A sample of isoborneol prepared by reduction of camphor was analyzed by IR and showed a band at 1750 cm-1. This result was unexpected. Why?
Doesn't the C=O group absorb about 1750 cm^-1 or so. And doesn't camphor have a C=O group? What surprises me is that it was unexpected. Surely we don't expect 100% yield.
Camphor has a C=O group but isoborneol does not. Just an OH group. I was thinking that it was the C=O absorption that was a result of some camphor not reacting and being left with the product.
Camphor has a carbonyl group which would produce an IR band at 1750 cm^-1. During the reduction, the C=O group would change to C-OH which absorbs IR at a much higher spatial frequency. The reduction might have been incomplete, with enough camphor present to produce the 1750 cm^-1 band.

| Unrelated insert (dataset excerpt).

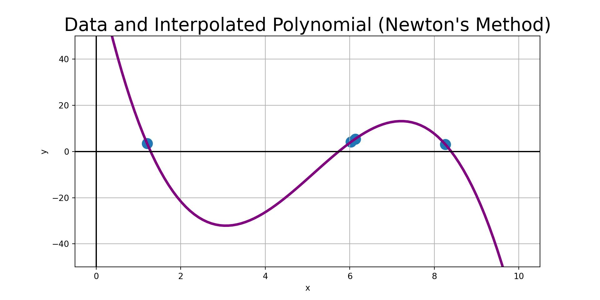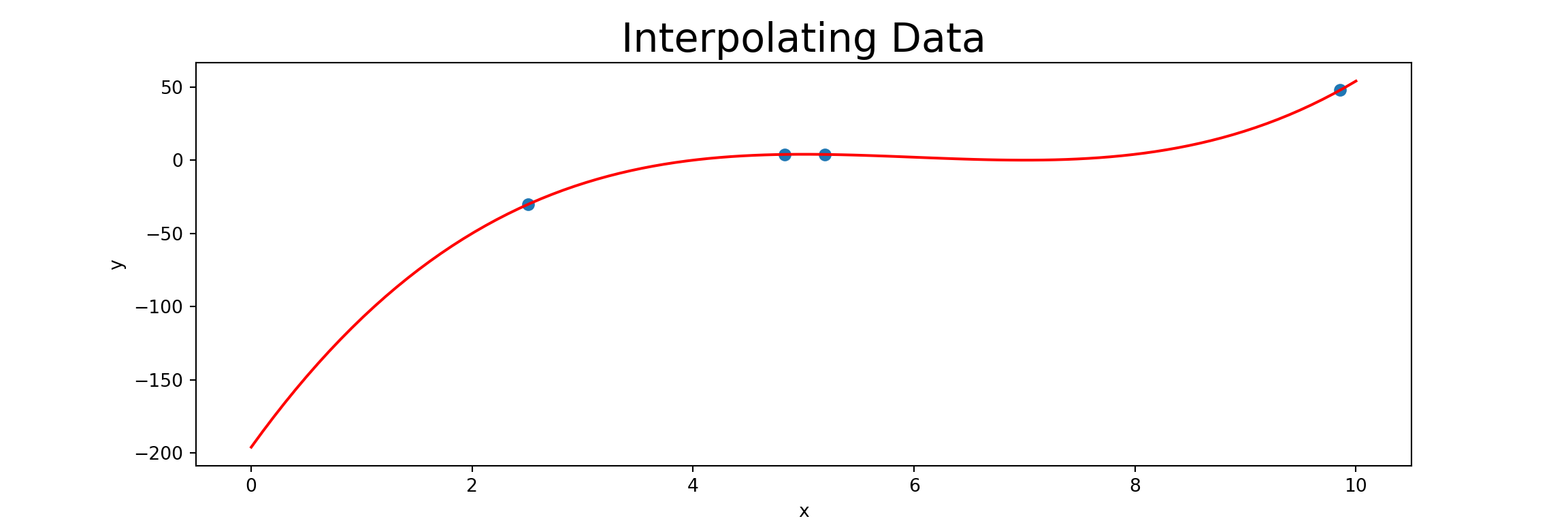 For example, a degree three polynomial (an interpolant on four data points) is given by

The unexpected presence of a band at 1750 cm-1 in the IR spectrum of isoborneol prepared by the reduction of camphor suggests an imperfection in the reduction process. To understand why this result is unexpected, let's break it down:
Isoborneol is a secondary alcohol, while camphor is a ketone. When camphor undergoes reduction, the carbonyl group (C=O) should be converted to an alcohol group (C-OH). In the IR spectrum, the C=O stretch typically occurs at a higher frequency, around 1700-1750 cm-1, while the C-OH stretch occurs at a lower frequency, around 3400-3600 cm-1.
Therefore, the presence of a band at 1750 cm-1 suggests that the carbonyl group of the camphor was not fully converted to an alcohol group. This could be due to incomplete reduction or the formation of some side products during the reaction.
To confirm this hypothesis and gain a better understanding, one could further investigate the reaction conditions and analyze other spectroscopic data (such as proton NMR or mass spectrometry) to identify any impurities or byproducts that might have been formed during the reduction of camphor. Additional purification techniques may be necessary to obtain a pure sample of isoborneol without the observed band at 1750 cm-1.